Migration – be it immigration or emigration – has been part of human society from time immemorial. Throughout recorded history, people, for various reasons, have moved or have had to move from one place to another. The phenomenon of migration is complex, especially when one considers the underpinnings that shape people’s thoughts and inform their decisions – individual or collective – to move. Factors that inform people’s decision to cross borders to other lands are many, but can be broadly categorised into economic, political, environmental and socio-cultural conditions where their movements have been driven by war, oppression and want.

These factors may be considered push or pull. In the former sense, unfavourable conditions such as protracted armed conflicts, persecution, abject poverty, political instability and insecurity push people out of their homeland to seek solace in a destination country. In the latter sense, political stability in advanced economies, coupled with high level of development and better living conditions serve as pulling factors attracting thousands of people into those economies. Over the years, the latter factors characteristic of European countries have been exerting a high level of pull effect on immigrants, including UAMs, trying to reach Europe.

Between January 1993 and May 2017, United for Intercultural Action’s Death by Policy document recorded a total of 33,305 documented deaths of refugees and migrants attributable to border militarisation, asylum laws, detention policies, deportations and carrier sanctions in the European Union. Among these deaths have been children of all ages who got drowned, suffocated in cargo containers, frozen to death in refrigerated lorries, shot by police or blown apart by land mines.

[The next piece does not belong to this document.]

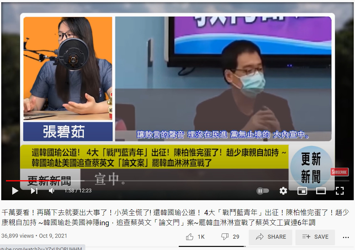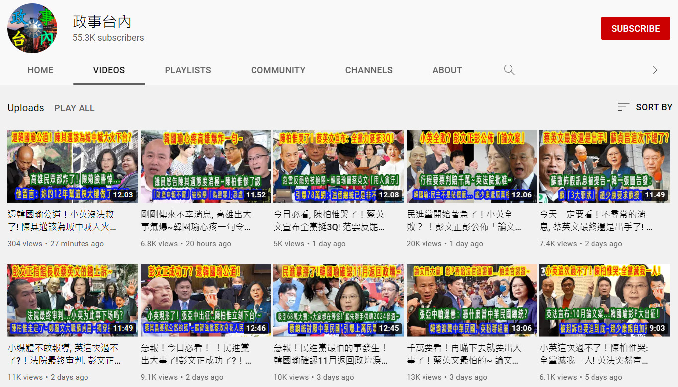The content of the videos considered here focused on attacking the ruling party in Taiwan, building up the legitimacy of China, and delegitimizing U.S. involvement with Taiwan. Mass produced videos that appear as legitimate news and use clickbait keywords to achieve a high number of views would serve on the mainland the same strategy as detailed above, but with the reverse goal of elevating negative discussions and anti-Taiwan-government sentiment.

The year 2015 was the deadliest on record for migrants and refugees attempting to get into Europe. More than 3,700 people – the majority on sea crossings between Libya and Italy or Turkey and Greece – died. Up until 2015, scores of people had been taking the perilous journey of illegally entering the shores of Europe. When scores of drowned bodies were washed ashore on the Canary Islands, then the international media took notice, consequent upon which the authorities took action to help stem the tide of illegal migration flow into Europe. There is an increasing rise in the number of people attempting to reach Europe, regardless, thanks to the huge wave of refugees fleeing from the wars in Syria, Afghanistan, Iraq and some parts of sub-Saharan Africa, coupled with the truly desperate economic migrants who consider the grass to be greener in Europe. Among these categories of migrants are children who – whether they left on their own or got separated on their way – are neither being cared for by their parents nor caregivers. Officially categorised as unaccompanied minors (UAM), they are exposed to high level of vulnerability and as such require special care.

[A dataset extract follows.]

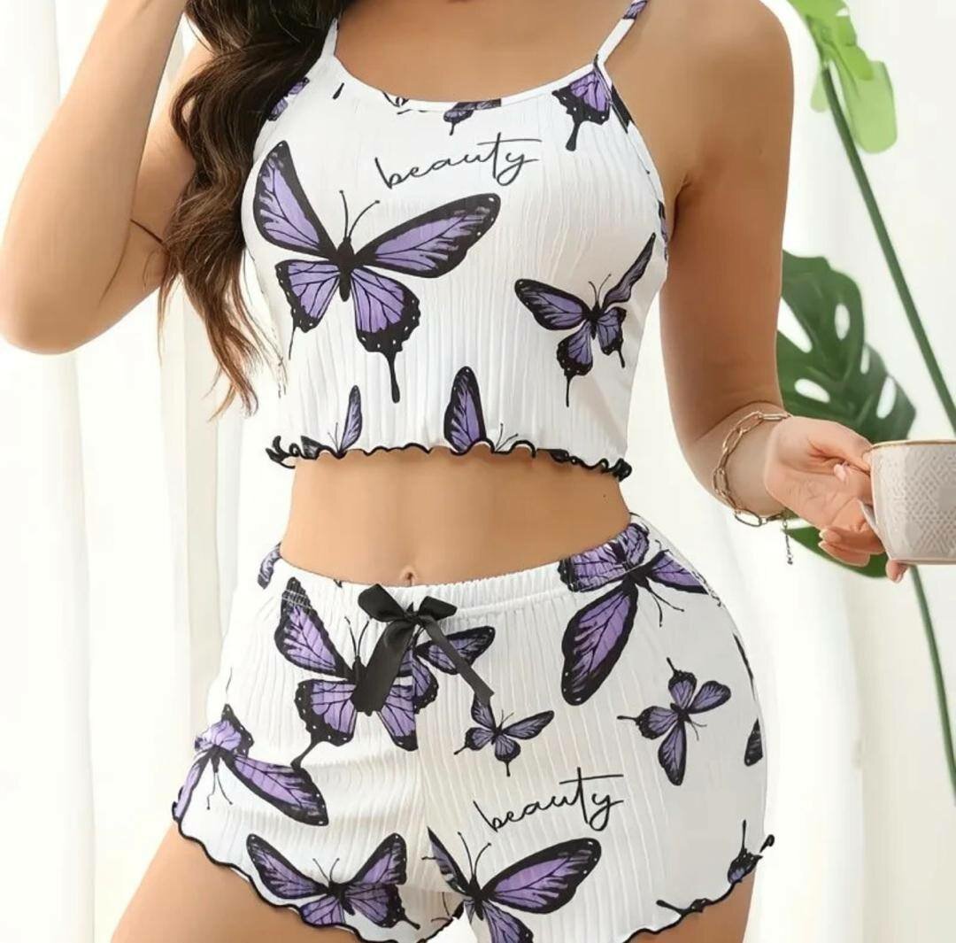 Ensemble de pyjama confortable pour femme, motif papillon violet, parfait pour un sommeil paisible ou une soirée décontractée à la maison

The unaccompanied minor: Who fits into the category?
Different legal systems have different notions of who a minor is. Notwithstanding, there is a near unanimity in terms of age, as nearly all definitions of minors consider the age of under 18. The same is true in defining an unaccompanied minor. According to the UNHCR, “An unaccompanied child is a person who is under the age of eighteen, unless, under the law applicable to the child, majority is, attained earlier and who is ‘separated from both parents and is not being cared for by an adult who by law or custom has responsibility to do so”.[1] In the reasoning of the UN, the scope of the term covers “minors who are without any adult care, minors who are with minor siblings but who, as a group, are unsupported by any adult responsible for them, and minors who are with informal foster families”.[2] Unaccompanied minors need special attention and deserve a special place in policy making. It is about time policy makers took their matter with all the seriousness it deserves.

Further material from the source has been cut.